**Work instructions**
A verbatim repeat of the lines below is required, with the pictures removed.

**Given information**
########

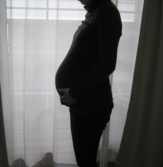 33週に入って、お腹がまた一段と大きくなったかんじ!なので、写真撮ってみた!男の子は、前にぼーーーんってせり出す感じ!
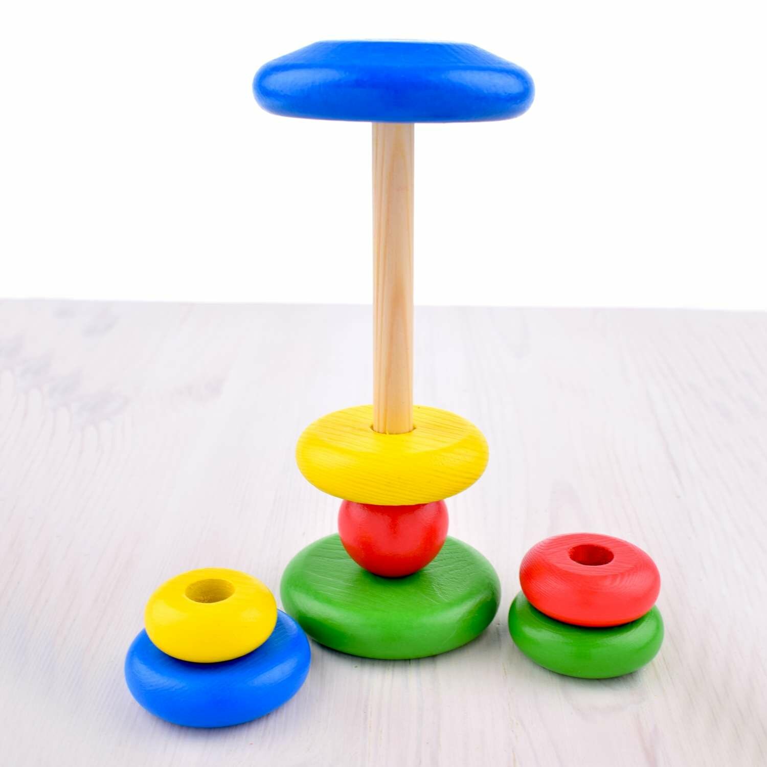 Материал для производства всех видов пирамидок — дерево. Яркие цвета нанесены с помощью красок на водной основе, безопасных для самых маленьких детей.
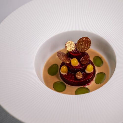 These two step-gabled houses from 1614 take you back in time . From the open fireplace with matching tiles to the romantic candlelit setting, silver cutlery and beautiful porcelain plates, everything here exudes Dutch charm at its best. The menu features exquisite, intricate dishes that showcase Dutch produce. The young chef has a keen eye for freshness, as demonstrated by the foamy mussel sauce he uses to elevate the salty symphony of mussels and seaweed. With its good selection of natural wines and a penchant for French labels, the wine list is definitely worth a look.
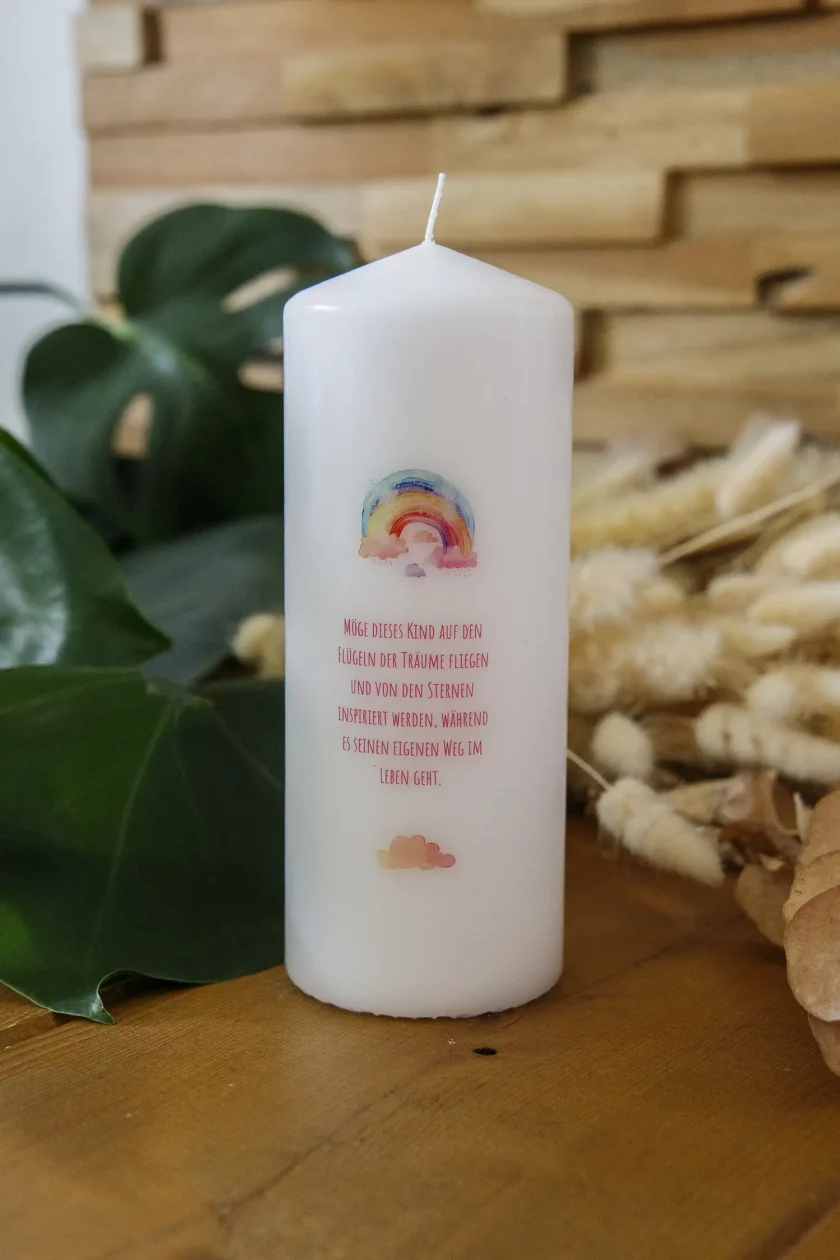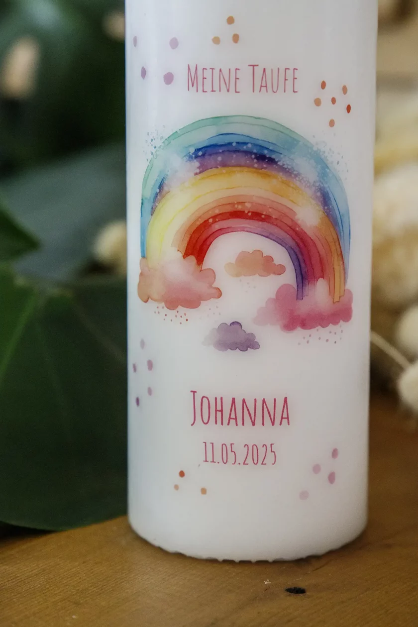 Das liebevoll gestaltete Regenbogenmotiv erstrahlt in sanften, harmonischen Farben und wird durch feine Details und stilvolle Verzierungen ergänzt. Diese Taufkerze bringt Farbe und Licht in die Zeremonie und bleibt als ein wertvolles Andenken, das diesen besonderen Tag für immer im Gedächtnis behält.

########

**Solution for this exercise**
 33週に入って、お腹がまた一段と大きくなったかんじ!なので、写真撮ってみた!男の子は、前にぼーーーんってせり出す感じ!
 Материал для производства всех видов пирамидок — дерево. Яркие цвета нанесены с помощью красок на водной основе, безопасных для самых маленьких детей.
 These two step-gabled houses from 1614 take you back in time . From the open fireplace with matching tiles to the romantic candlelit setting, silver cutlery and beautiful porcelain plates, everything here exudes Dutch charm at its best. The menu features exquisite, intricate dishes that showcase Dutch produce. The young chef has a keen eye for freshness, as demonstrated by the foamy mussel sauce he uses to elevate the salty symphony of mussels and seaweed. With its good selection of natural wines and a penchant for French labels, the wine list is definitely worth a look.
 Das liebevoll gestaltete Regenbogenmotiv erstrahlt in sanften, harmonischen Farben und wird durch feine Details und stilvolle Verzierungen ergänzt. Diese Taufkerze bringt Farbe und Licht in die Zeremonie und bleibt als ein wertvolles Andenken, das diesen besonderen Tag für immer im Gedächtnis behält.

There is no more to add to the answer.